▸ Exercise aim
Reproduce exactly, with no pictures, each line from the opening of the material down through the line containing "ドッグタグ 象嵌 月と狼".

▸ Dataset content
== Segment start ==
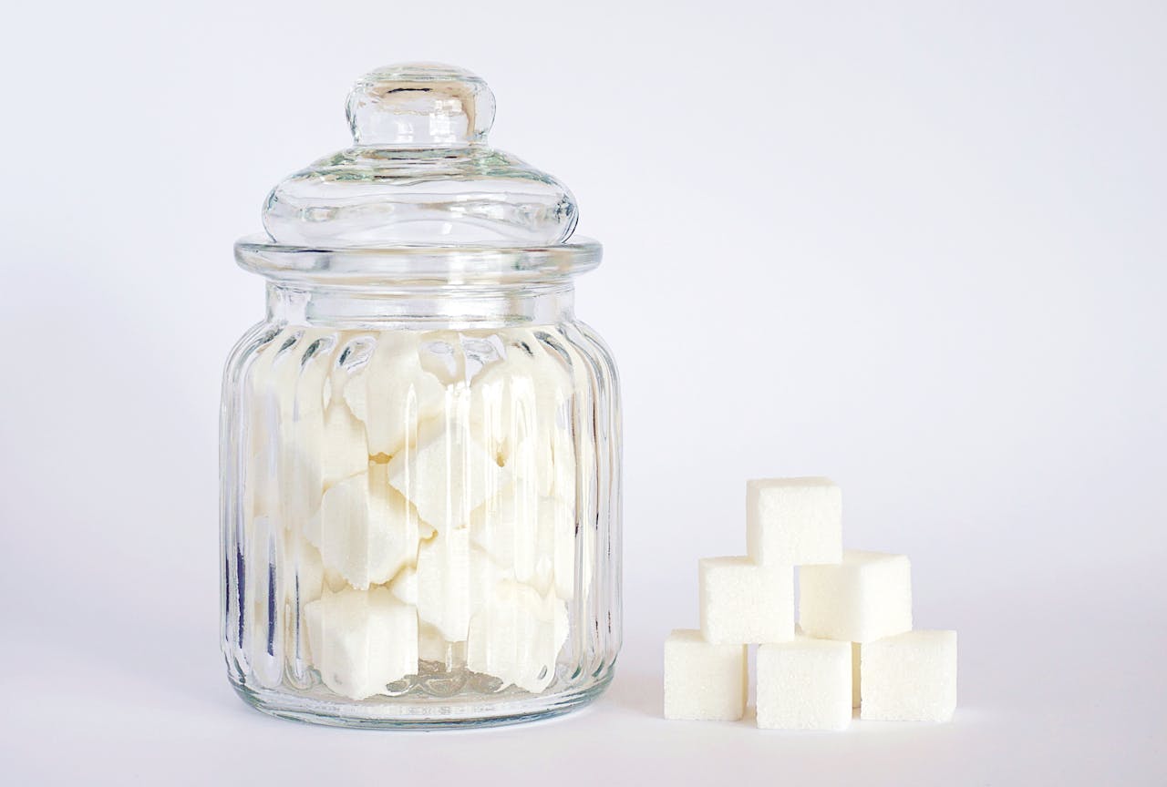Ein großes Glasgefäß mit Zuckerwürfel, daneben ein kleiner Stapel mit Würfelzucker.
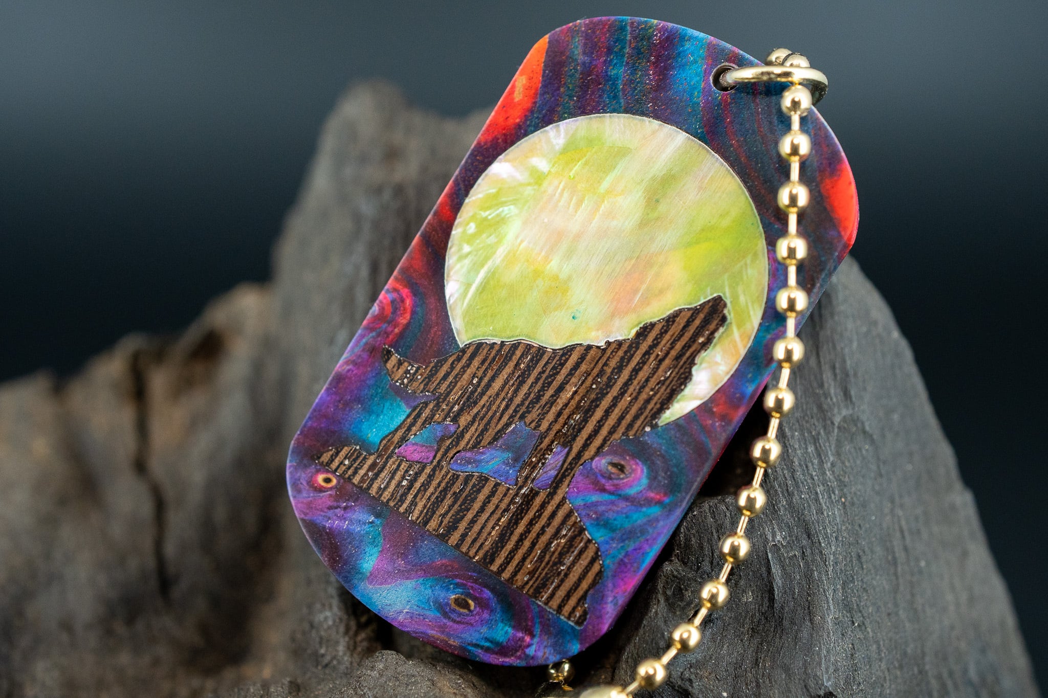 【カナダの象徴】ハードメープル 瘤杢 スタビライズウッド ドッグタグ 象嵌 月と狼
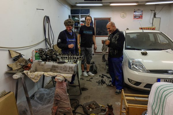 Zsolti autója is a karbisnál landolt, de csak egy gyors ránézésre a tervezett négynapos takarítás, átnézés, állítgatás-szeánsz helyett, hiszen arra már nagyon nem lenne idő. Robi ránézett, és csak a fejét ingatta. Eltömődött üresjárati rendszer, működésképtelen gyorsítórendszer, egy-két napot kéne pucolni, hogy egyáltalán állítható legyen. Ráadásul két karbiról van szó. Szinkronozni csak alapjáraton lehetne, de olyat nem lehet produkálni, precízen gyújtást állítani is két ponton kéne: alapjáraton és fordulaton. Tehát az autó maradt úgy, ahogy van. Végülis: lényegében autópályán és kis utakon megyünk, azt ki kéne bírnia. Tehát mindkét autót nagyjából felkészítettnek vesszük. Én még állítok a váltórudazaton, Zsolti még kuplung munkahengert és két gumit cserél, aztán holnap hajnalban uzsgyi.
== Segment end ==
▸ Result for this exercise
Ein großes Glasgefäß mit Zuckerwürfel, daneben ein kleiner Stapel mit Würfelzucker.
 【カナダの象徴】ハードメープル 瘤杢 スタビライズウッド ドッグタグ 象嵌 月と狼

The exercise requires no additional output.